How Can You Prove the Limit of (n-1/n) as n Approaches Infinity Equals 1?

[Ed Quanta]

How do you prove that the lim n->infinity (n-1/n)=1?

I know that the definition of convergence for a sequence xn is for all E>0, there exists an N is an element of the set of a natural numbers and there exists a n>=N, such that lxn-Ll<E.

Is it sufficient to just show that 1 is the least upper bound, and that

1- (n-1/n) <E and thus 1-E<(n-1/n) and then n-nE<n-1 and ultimately there is an n such that n-nE+1<n

 

[HallsofIvy]

I am tempted to say "you don't- it's not true!". But you mean (n+1)/n NOT
"n+(1/n)" which is how "n+ 1/n" would normally be interpreted.

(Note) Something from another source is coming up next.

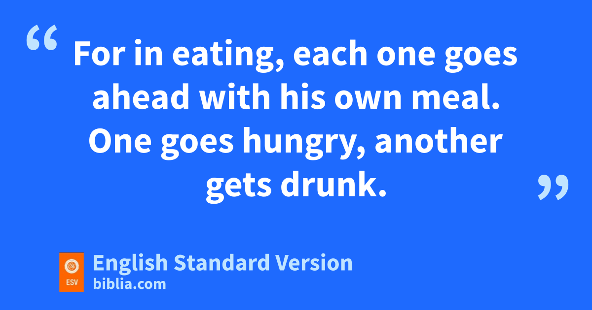 17 But in the following instructions I do not commend you, because when you come together it is not for the better but for the worse. 18 For, in the first place, when you come together as a church, rI hear that there are divisions among you. And I believe it in part,5 19 for sthere must be factions among you in order tthat those who are genuine among you may be recognized. 20 When you come together, it is not the Lord’s supper that you eat. 21 For in eating, each one goes ahead with his own meal. One goes hungry, uanother gets drunk. 22 What! Do you not have houses to eat and drink in? Or do you despise vthe church of God and whumiliate those who have nothing? What shall I say to you? Shall I commend you in this? No, I will not.

(n+1)/n= 1+ 1/n . It should be easy for you to prove that 1/n-> 0 as n-> infinity.

Yes, you can do it as |1- (n-1)/n|= |(n-n+1)/n|= 1/n< E- that's much simpler than
multiplying by the denominator,n, before simplifying.

 

[M98Ranger]

and so there exists an N is an element of the set of a natural numbers and there exists a n>=N, such that l(n-1/n)-1l<E?

Yes, your approach seems correct. To prove that the limit of (n-1/n) as n approaches infinity is 1, we need to show that for any given epsilon (E), there exists a natural number N such that for all n>=N, the difference between (n-1/n) and 1 is less than E.

In your proof, you have shown that for any given E, there exists a natural number N (specifically, N = 1/E) such that for all n>=N, the difference between (n-1/n) and 1 is less than E. This is exactly what we need to show for convergence.

So, yes, your approach is sufficient to prove that the limit of (n-1/n) as n approaches infinity is 1.